9.1 In the event of agreement to deliver goods on pallets, the Seller may deliver goods, at his discretion, on Euro pool pallets measuring 800 x 1200 mm or on non-returnable EW-10 pallets. Delivery on Europallets takes place on a one-to-one exchange basis only, i.e. the same number of andamaged, empty pallets (Euro pool pallets only) must be returned for exchange as the number of pallets used to deliver the goods. For Euro pool pallets returned to the Seller in a damaged but reparable condition, the costs for the repair shall be invoiced to the Purchaser and, for pallets unable to be repaired, their replacement value unless the Purchaser can prove that he was not responsible for the damage. For pallets that are lost, the Purchaser is obliged to provide replacements or to pay a sum equal to their replacement costs to the Seller, unless he can prove that he is not responsible for their loss. If delivery is made on non-returnable EW-10 pallets, transfer of the goods from one pallet to another and disposal of the non-returnable pallets are incumbent upon the Purchaser.

9.2 As far as half-size or quarter-size Eurodisplay pallets are used, these are CHEP pallets which remain with the Purchaser for collection by CHEP.

9.3 For other returnable packaging materials or loading devices provided by the Seller, the following conditions shall apply: The returnable packing provided by the Seller (identified as such in the invoice) as well as any loading devices shall remain the inalienable property of the Seller. They must be handled with care and may not be used for purposes other than the storage of the products delivered. The Purchaser shall be liable for any damage resulting from failure to comply with these requirements unless he can prove that he is not responsible for the damage.
Returnable packing material and loading devices must be returned free of charge and in proper, usable condition immediately after emptying addressed to the department specified in the invoice at the indicated or agreed receiving point for empties.
A maximum of eight weeks from the date of delivery is allowed for the return of returnable barrels, containers and stacking tanks and other returnable packing material and loading devices. If returnable packaging and/or loading devices are not returned on time or become unfit for use as a consequence of non-compliance with the wishes of the Seller, the Seller reserves the right to invoice them at the current price for brand-new packing material of the same type or to claim rental fees. These amounts are payable immediately.

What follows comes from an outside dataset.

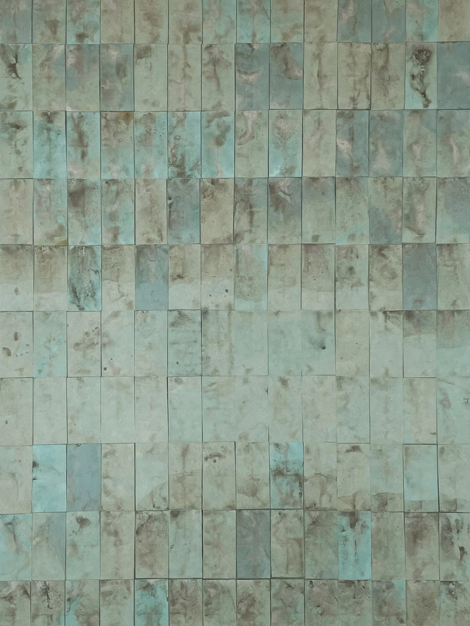 Other artworks, mainly on wood panels, emphasize the reclaimed character of reassembled materials, embracing the Wabi-Sabi philosophy of imperfection. Thoth preferably cuts the fragments into uniform units, inspired by the proportions of traditional Tatami¹ mats, and reassembles them meticulously.

The empties account will not be credited until after receipt of the empties unless the Purchaser proves that he is not responsible for the delayed return or the unusability of the returnable packaging and/or loading devices.

9.4 Non-returnable packaging material is taken back in accordance with the regulations of the Packing Regulation (Verpackungsverordnung) in its applicable version as well as, if appropriate, any additional agreements or arrangements made.

10. Concluding Provisions

10.1 If individual provisions of these terms and conditions of sale or of the delivery transaction are or become void, this shall not affect the validity of the other provisions. The contractual parties shall be obliged to agree on a new provision which comes closest to the purpose intended by the invalid provision.

10.2 Unless otherwise agreed, place of performance for all obligations arising out of a delivery transaction and court of jurisdiction for all disputes arising in connection with a delivery transaction and/or a summary procedure based on documentary evidence shall be exclusively Wächtersbach.

10.3 The relations between the Seller and the Purchaser shall be subject exclusively to the law of the Federal Republic of Germany. Application of the UN Convention of 11.4.1980 (Vienna Sales Convention) on contracts for the international sale of goods is excluded.